The Economies of Biden and Trump . . . Similar?

Inherited Economies Biden and Trump, Patreon

by Dean Baker

The most important reversal was in the labor market. More than 19 million people were laid off in the pandemic shutdowns in the spring of 2020. Many quickly came back to work in the summer and fall, but the huge bounce back had stopped by the time Biden took office.

Job growth averaged just 150,000 in the last three months of the Trump administration. In fact, the economy actually lost jobs in December of 2020, so it is clearly wrong to imagine that there was a surge of rehiring at the time Biden took office.

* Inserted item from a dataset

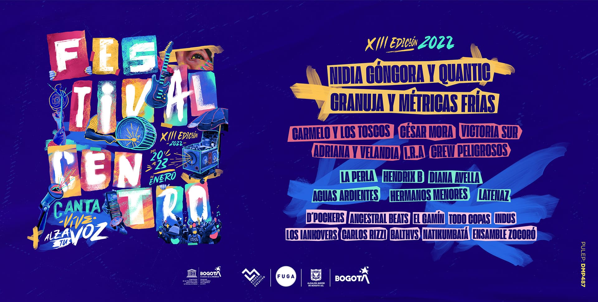 La jornada inaugural del Jueves 20 de Enero, estará a cargo de Nidia Góngora y Quantic, un dúo transoceánico del cual brotan las músicas del pacífico entre texturas electrónicas; Hermanos Menores, una banda de culto capitalina llena de experimentación y paisajes sonoros; I.R.A., la mítica agrupación de punk proveniente de Medellín; Hendrix B, el duo caleño con tintes de pop urbano; y D’Pockers, una agrupación de la localidad de Usaquén que brilla por su hip hop.

Employment was still 9.4 million below its pre-pandemic peak in January of 2021. The unemployment rate stood at 6.4 percent.

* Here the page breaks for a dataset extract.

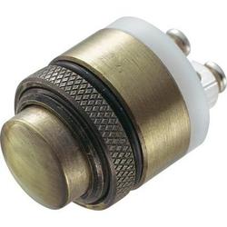 An der front habe ich die beiden Plastiktaster entfernt und durch zwei schöne auf alt gemachte Klingeltaster aus Messing ersetzt die als Power- und Reset-Taster dienen sollen.

Biden’s recovery package quickly turned the economy around. Unemployment was down to 4.0 percent by the end of 2021. Employment levels regained the lost ground by June of 2022. It would have taken more than six years to get back to pre-pandemic employment levels at the rate of job growth in the last three months of the Trump administration.

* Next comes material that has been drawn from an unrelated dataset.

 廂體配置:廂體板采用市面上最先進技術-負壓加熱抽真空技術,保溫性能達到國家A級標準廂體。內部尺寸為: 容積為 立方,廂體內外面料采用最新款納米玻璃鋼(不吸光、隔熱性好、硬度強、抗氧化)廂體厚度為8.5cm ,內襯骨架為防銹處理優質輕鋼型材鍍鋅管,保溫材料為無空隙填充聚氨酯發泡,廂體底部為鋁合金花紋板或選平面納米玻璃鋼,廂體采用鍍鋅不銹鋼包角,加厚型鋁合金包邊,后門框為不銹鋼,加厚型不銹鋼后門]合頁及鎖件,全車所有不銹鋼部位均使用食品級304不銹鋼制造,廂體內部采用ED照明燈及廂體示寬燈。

One cost of Biden’s aggressive recovery package was a surge in inflation. The year-over-year inflation rate began to rise rapidly from pandemic lows, peaking at 9.0 percent in June of 2022. Clearly the recovery package contributed to this increase, but most of the story is the world-wide supply chain crisis stemming from the pandemic. (The surge in energy prices following Russia’s invasion of Ukraine was also a big factor pushing inflation higher.)

The story here is straightforward. As a result of the pandemic, people were not spending money on services like restaurants and travel. Instead, they spent it on goods, like appliances, television sets, and cars. The world could not meet this huge surge in demand, especially at a time when many production and shipping facilities were still crippled by the pandemic.

It is also important to recognize that this shift from services to goods was not the result of governmental restrictions. It was due to people not wanting to go into crowds and risk getting a potentially deadly disease that they could then transmit to friends and family members. Service spending did not return to its pre-pandemic share of consumption until early 2024.

Finally, there is the question of overall economic growth. The economy had an unprecedented plunge in the spring of 2020 associated with pandemic shutdowns. It shot back in the summer and fall, but it had lost momentum by the end of the year. GDP in the fourth quarter was still 0.9 percent below its year ago level.

The recovery package quickly ramped up growth. The economy had some shaky times due to supply chain issues, two subsequent and unanticipated waves of covid in the summer of 2021 and winter of 2022, Russia’s invasion of Ukraine, and the sharp rate hikes by the Fed beginning in March of 2022. But it had settled down to a healthy pace of growth by 2024, with a year-over-year rate of 2.4 percent in the fourth quarter. That is the economy Joe Biden handed off to Donald Trump.

It would be foolish to say everything was great when Biden left office. The United States has a badly undeveloped system of social supports. Tens of millions of people struggle to put food on the table, pay the rent, and cover medical bills. But by almost every measure most of the country was doing better in 2024 than they had been doing in 2020 or even before the pandemic in 2019.

Donald Trump might want people to forget this fact, but just because he has memory problems, it doesn’t mean the rest of us should also.